-- Opening Marker --
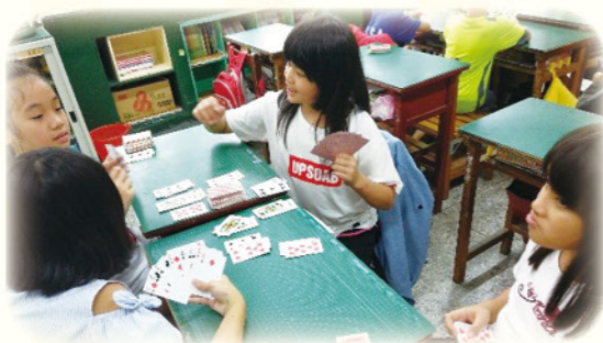
· 多元有趣的教學內容，寓教於樂，重燃學習興趣

學習扶助要真正落實，教師須具有高度教學熱忱與專業能力，診斷並瞭解學生學習困難點而對症下藥。每一期開班前，領航團隊教師依據學生測驗報告，瞭解學生學習起始能力，與原班教師溝通，規劃適性化教學方案。校長每學期參與各年段教師數學領域共備課程，並分析篩選測驗各年級數學錯誤率較高的題目與教師們進行教學策略研討與專業對話。
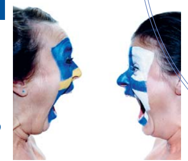
Nya Finska Teatern, Stockholm: ur teateruppsättningen Oy Saunavätstugan Ab
-- Closing Marker --
◆ WHAT THIS TASK INVOLVES
Give back the full listing above word for word, and let no picture through.

◆ SOLUTION
· 多元有趣的教學內容，寓教於樂，重燃學習興趣

學習扶助要真正落實，教師須具有高度教學熱忱與專業能力，診斷並瞭解學生學習困難點而對症下藥。每一期開班前，領航團隊教師依據學生測驗報告，瞭解學生學習起始能力，與原班教師溝通，規劃適性化教學方案。校長每學期參與各年段教師數學領域共備課程，並分析篩選測驗各年級數學錯誤率較高的題目與教師們進行教學策略研討與專業對話。
Nya Finska Teatern, Stockholm: ur teateruppsättningen Oy Saunavätstugan Ab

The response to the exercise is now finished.